Laura Janeway’s hand flew to her mouth to hold back the gorge rising in her throat. She swallowed hard, the sound loud in the bare concrete stairwell. The sickening angle of his head told her that Montrose was beyond help. Nevertheless, she forced herself to feel for a pulse, pushing back the sleeve of his dressing gown to expose his wrist. His skin was still unpleasantly warm to the touch and she was aware of the rank stench of alcohol. Finding no sign of life, Laura sat back on her haunches and looked up at the top landing. The railing was dangerously low, coming barely above her knees. For some time she had been meaning to mention it to Kevin, but had never gotten around to it.

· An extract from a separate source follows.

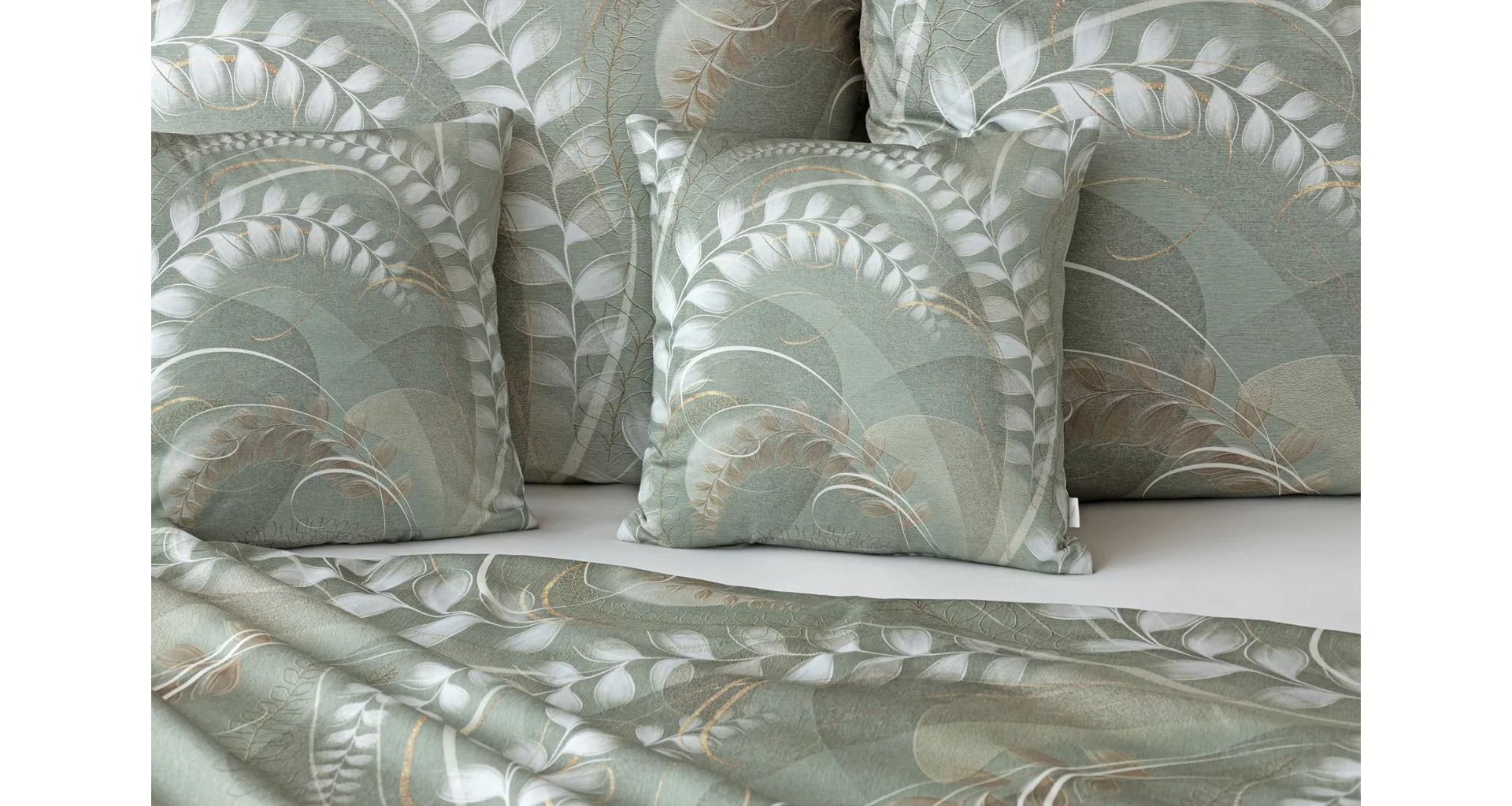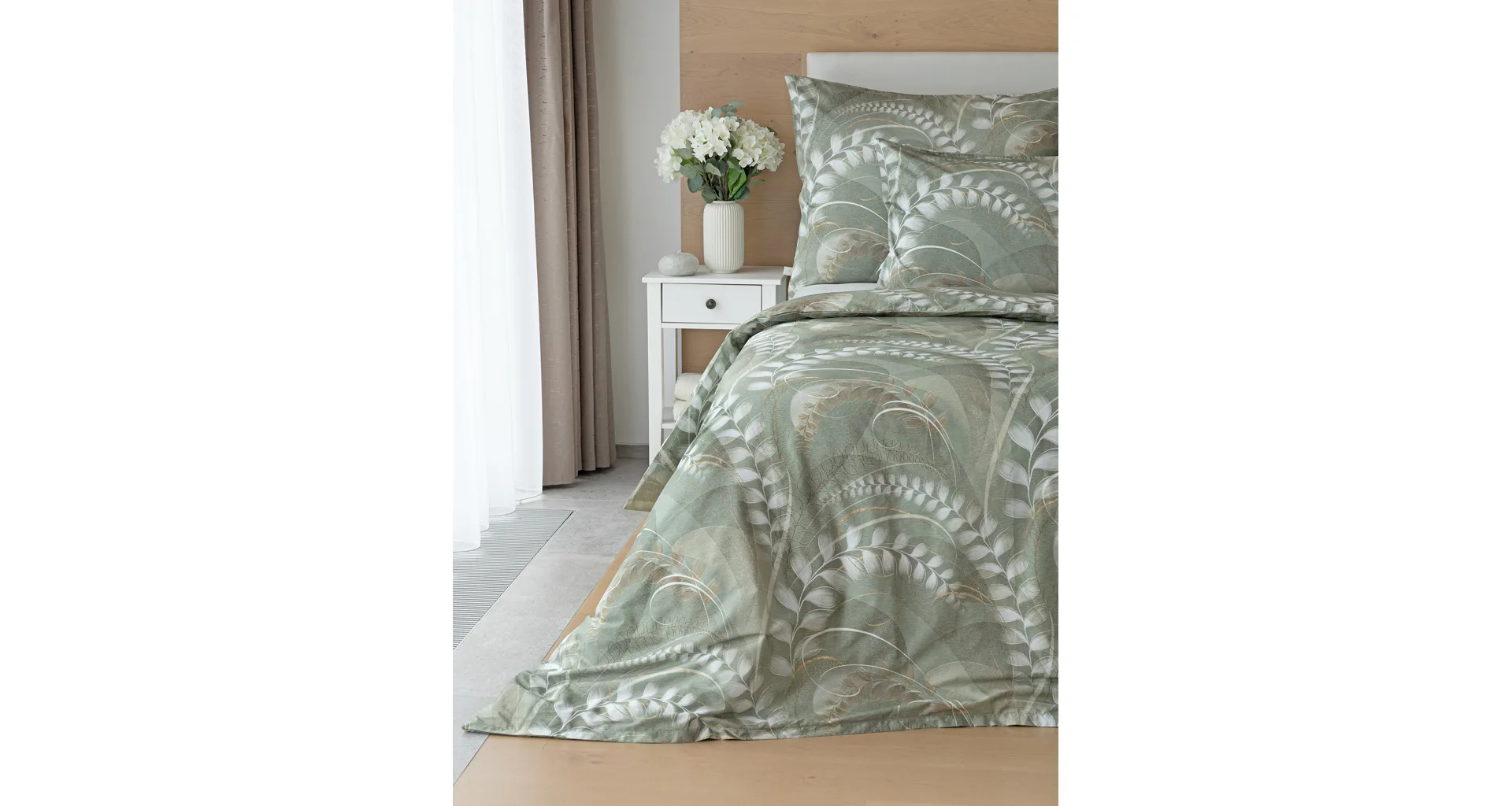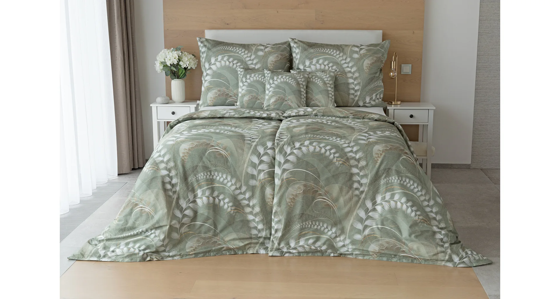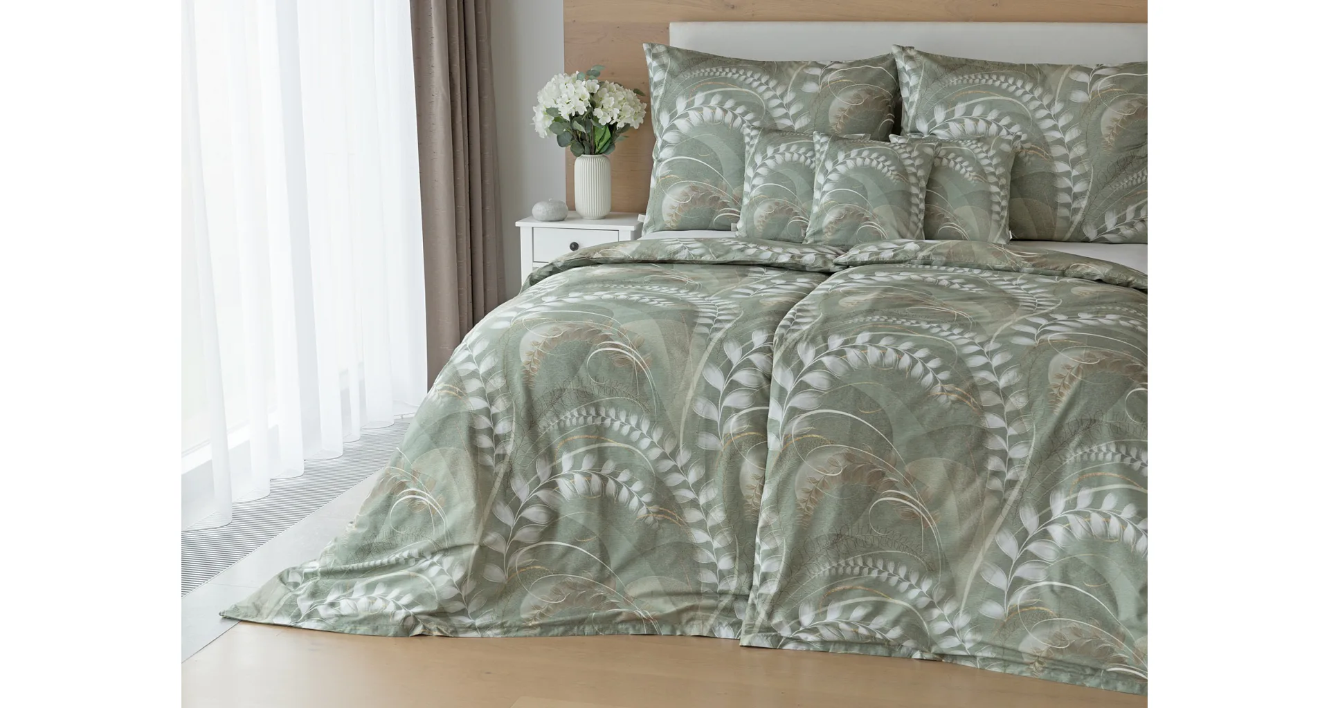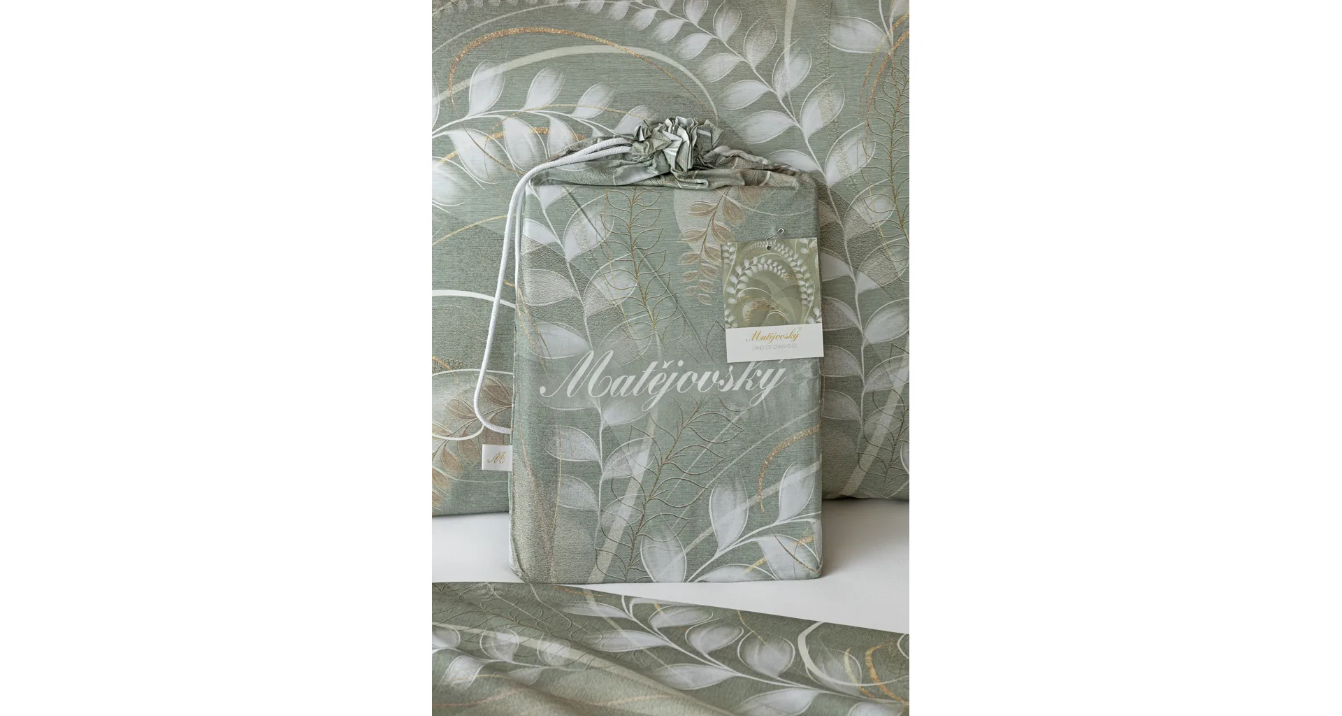 Vzor Ezra zdobí elegantní florální motiv v paletě krémových a zlatohnědých tónů na tlumeném zelenošedém podkladu. Povlak na polštář i na přikrývku je z obou stran stejný, povlečení je opatřeno komfortním zipovým uzávěrem.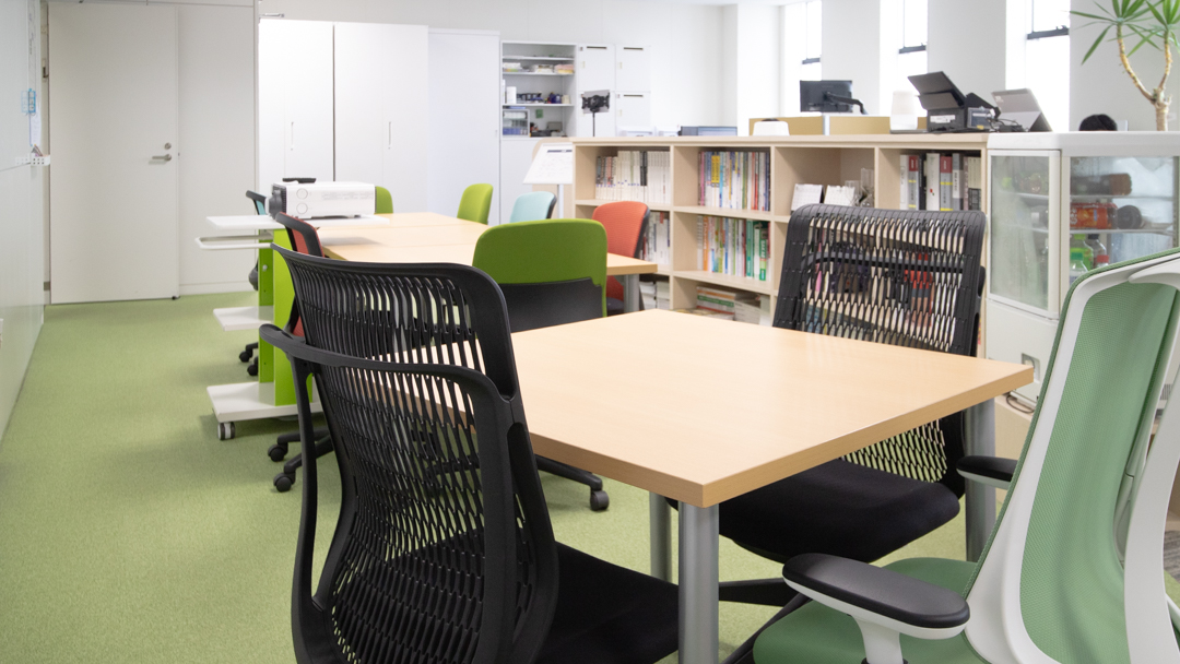 社員同士のアイデア創出や情報共有を活性化するために設けられた、多目的なオープンコラボスペース。部署や職種の垣根を越えたコミュニケーションが自然に生まれるよう、空間の構成や使い方に工夫を凝らしています。打合せや学びなど目的に応じて柔軟に活用できる場です。

Kevin would have to be notified. Stepping carefully over Montrose’s lifeless body, she climbed the stairs to the landing and opened the door to the hallway of the sixth floor that housed the members of Leighton Artist Colony. Once in her room, she glanced at the clock on her bedside table. Twelve-thirty. Kevin would be in bed asleep, but that hardly mattered. The phone rang four times before Kevin Lavoie picked it up. “Jesus!” he swore softly after Laura told him about finding the body. “We don’t need that!” As the artist colony’s coordinator the burden of dealing with all the details surrounding the death of a member would fall on him. “I’ll get dressed and come right over,” he told Laura, asking her to make sure that nothing was disturbed.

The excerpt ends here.